Wednesday, September 15, 2021

LinkedIn posts weren't commercial advertising or promotion for pediatric orthopedics

Orthopediatrics Corp. v. Wishbone Medical, Inc., No. 3:20-CV-929 JD, 2021 WL 3887243 (N.D. Ind. Aug. 31, 2021)

Plaintiffs “have an interest in a patented computer program that allows medical professionals to more easily determine the correct way to position bones for optimal healing after orthopedic procedures.” They alleged that defendants copied the program and infringed the patent, as well as engaged in a smear campaign against plaintiffs in an effort to steal market share in the pediatric orthopedic industry. I’m only going to discuss the false advertising aspects.

There is an ongoing, separate litigation about ownership of the relevant patent; plaintiffs alleged that the two inventors assigned the patent to plaintiff Orthex. Defendants allege that one inventor was contractually bound to disclose and assign to a separate entity any patent he received related to his work on the idea. There was ongoing litigation in Florida in which that entity, IMED, was suing the inventor and two of the instant plaintiffs over the alleged breach.

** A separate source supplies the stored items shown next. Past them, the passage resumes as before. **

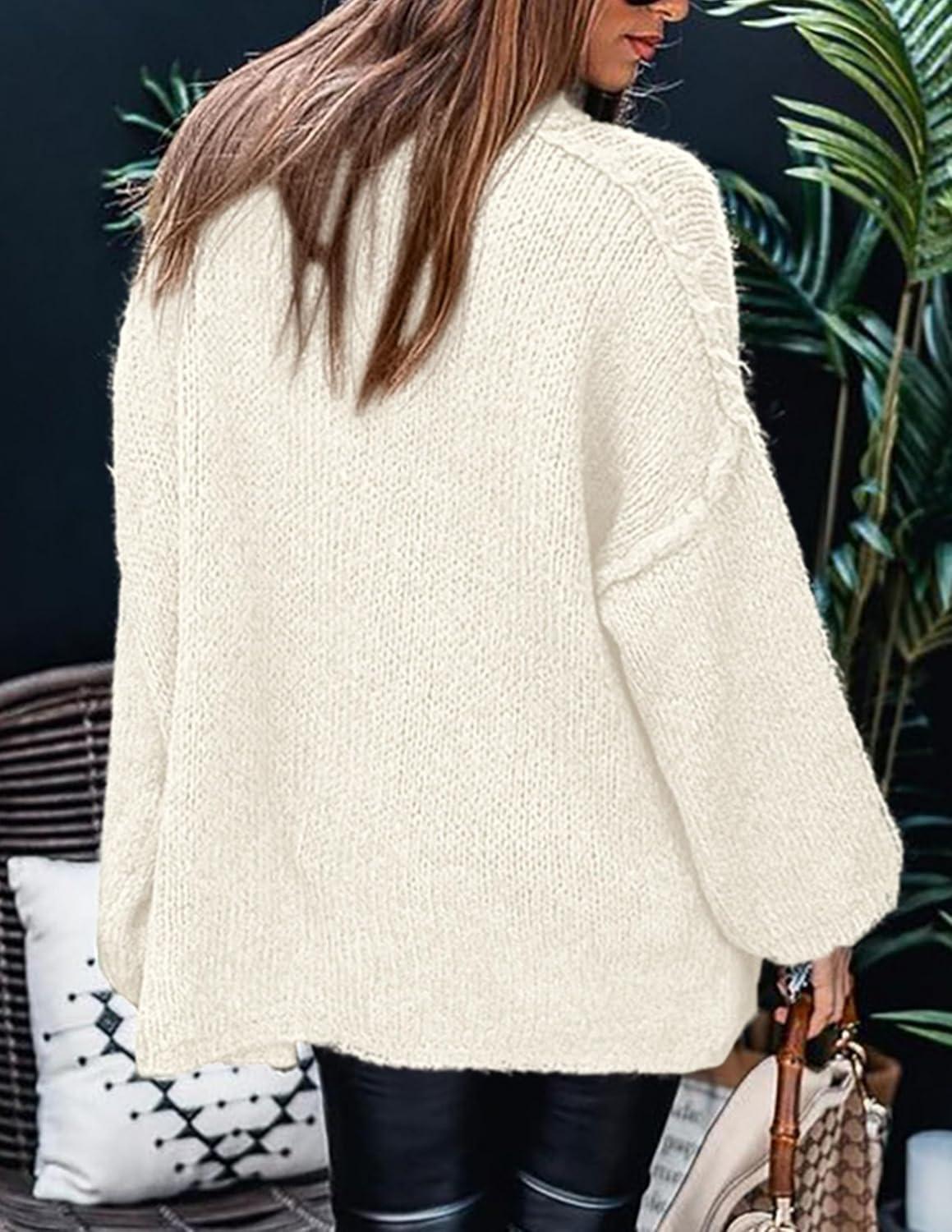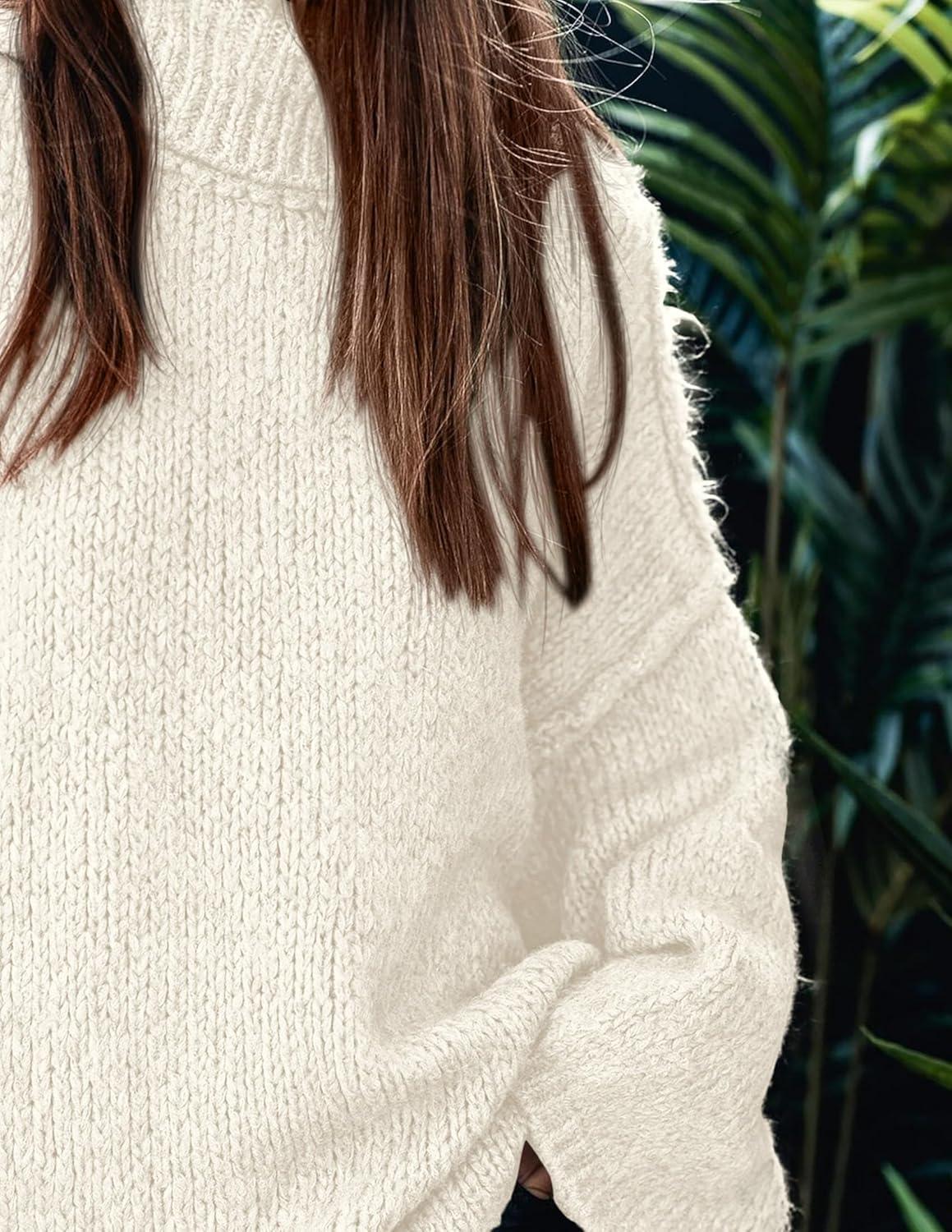 PRETTYGARDEN Women's 2025 Fall Turtleneck Oversized Sweaters Long Sleeve Chunky Knit Pullover Tops Winter Fashion Clothes(White)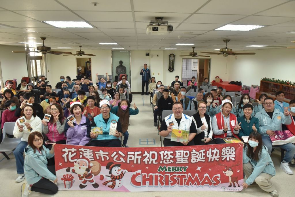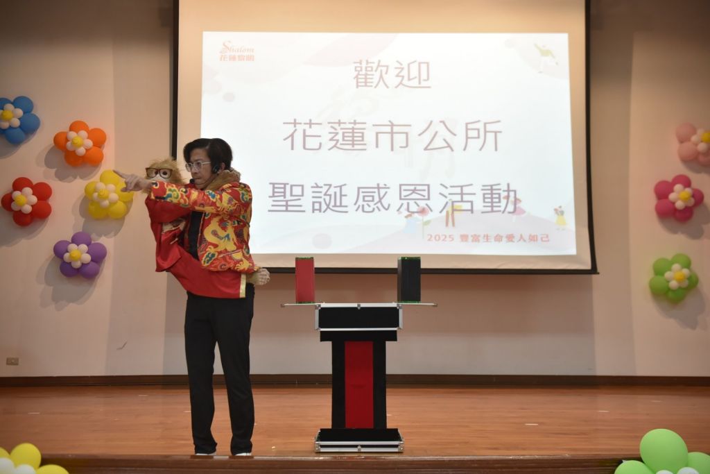 每年聖誕節前夕,市公所都會到市區各弱勢團體進行年終關懷,今(24)日平安夜的上午,包括市長魏嘉彥、花蓮市民代表會主席楊哲灃,市民代表陳惠卿、莊依婕、田珍綺,花蓮縣議員魏嘉賢以及市公所社勞課同仁一起化身聖誕祝福使者,前往畢士大教養院跟黎明教養院,致贈糖果以及禮品,將耶誕氣息與歡樂送進弱勢團體。市公所特地邀請魔術大師雷恩帶來精彩表演,有趣的互動、誇張的肢體語言逗得大家哈哈大笑,另外還有最為人所知的「猴賽雷」腹語演出,讓每一位院生看的目不轉睛。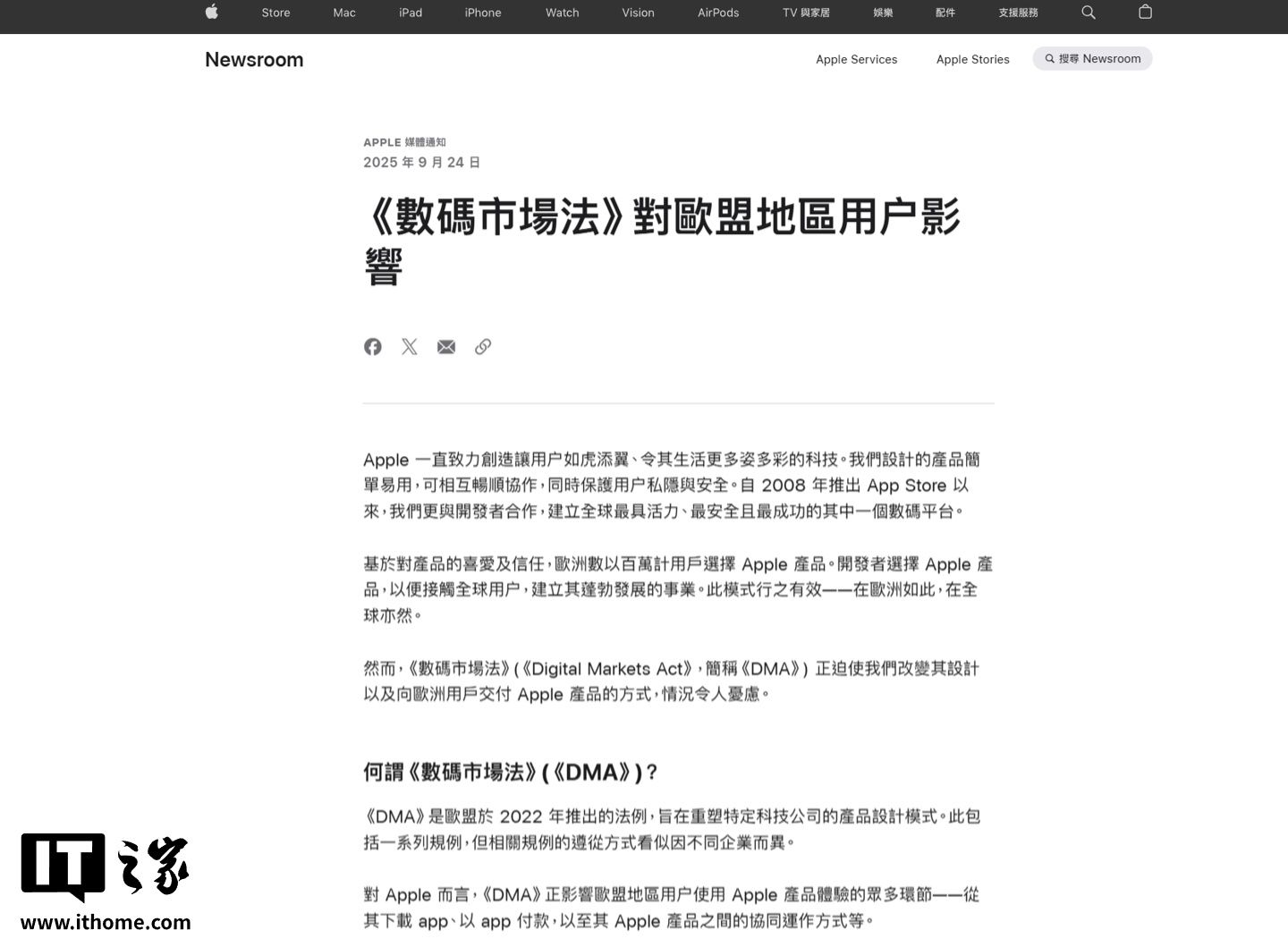 IT之家 9 月 25 日消息,苹果昨天在官网发布长文,谈及欧盟地区《数字市场法》(DMA)对用户的影响。

Plaintiffs alleged that Wishbone employees—including a former OrthoPediatrics employee—engaged in a smear campaign mostly on FB and LinkedIn, including by sharing “articles and reports on the ongoing Florida state court case and another Indiana state court case OrthoPediatrics brought against Wishbone and a former employee.” When one employee shared an article about the Indiana state court litigation, Wishbone’s COO/Secretray/Treasurer commented on the post “suggesting that OrthoPediatrics was following former employees in an effort to ruin their lives.” The poster added a comment of his own stating “[t]he only way [OrthoPediatrics] can compete is to constantly harass us with lawsuits. It is sad.” In another comment, he stated that OrthoPediatrics had been bullying Wishbone for years and that the company was engaged in “evil behavior.” And in another LinkedIn post, he wrote comments that were supportive of the claim that OrthoPediatrics had stolen the patent and suggested that OrthoPediatrics’ actions in doing so were “just the tip of the iceberg.”

First, the court found that the litigation privilege—if it applied to the various claims at issue—would not cover these statements, which were too remote from actual litigation. Social media posts “sharing articles about the state cases and by offering their own, often negative, statements as to what the litigation says about OrthoPediatrics as a company” would not be covered, nor would the other communications alleged in the complaint (an email saying the employee’s “goal with litigation was to put pressure on OrthoPediatrics’s stock price” and “very general allegations” that Wishbone contacted current and potential OrthoPediatrics customers to spread misinformation):

The Defendants have not presented, and the Court has not found, any case that has extended the litigation privilege to statements like those at issue here, which at best have a barely tangential connection to the actual proceedings of the ongoing litigation. Additionally, there is no evidence that protecting these social media posts and other communications, even those that are arguably commenting on the ongoing litigation, would serve the recognized purpose of the privilege to protect free expression that is integral to the judicial system’s functioning.

Lanham Act claim: Were these alleged statements commercial advertising or promotion? The answer depends on industry practice. “There is also no requirement that the communication be broadly distributed to the public, just that there be some public dissemination as opposed to, for example, simply person-to-person correspondence.” Although the Seventh Circuit hasn’t adopted Gordon & Breach, the court looked to that test for guidance as well. Taken together, the complaint didn’t plausibly allege commercial advertising or promotion.

First, the court wasn’t convinced that the social media posts or other alleged statements were commercial speech. (This seems dodgy—they have the usual obvious economic interest of competitors.) The statements didn’t themselves propose a commercial transaction. They didn’t advertise any alternative or promote a specific product. Although one could “infer a possible economic motivation for a subset of the social media posts,” there was “no evidence to suggest that the posts were broadly disseminated to consumers or that they had any economic impact.”

More persuasively, even if this was commercial speech, plaintiffs failed to plead facts showing that the statements were made to influence consumers or were disseminated to the relevant purchasing public within the pediatric orthopedic industry. Plaintiffs never alleged that “social media is a place where potential customers in the pediatric orthopedics space go to receive information about companies and products.”

And finally, plaintiffs didn’t adequately allege materiality. Vague allegations of reputational harm didn’t make clear that the reputational harm was in the eyes of consumers or that the communications actually translated to any lost sales or other economic harm.

Defamation: Plaintiffs failed to allege malice, even in a conclusory way.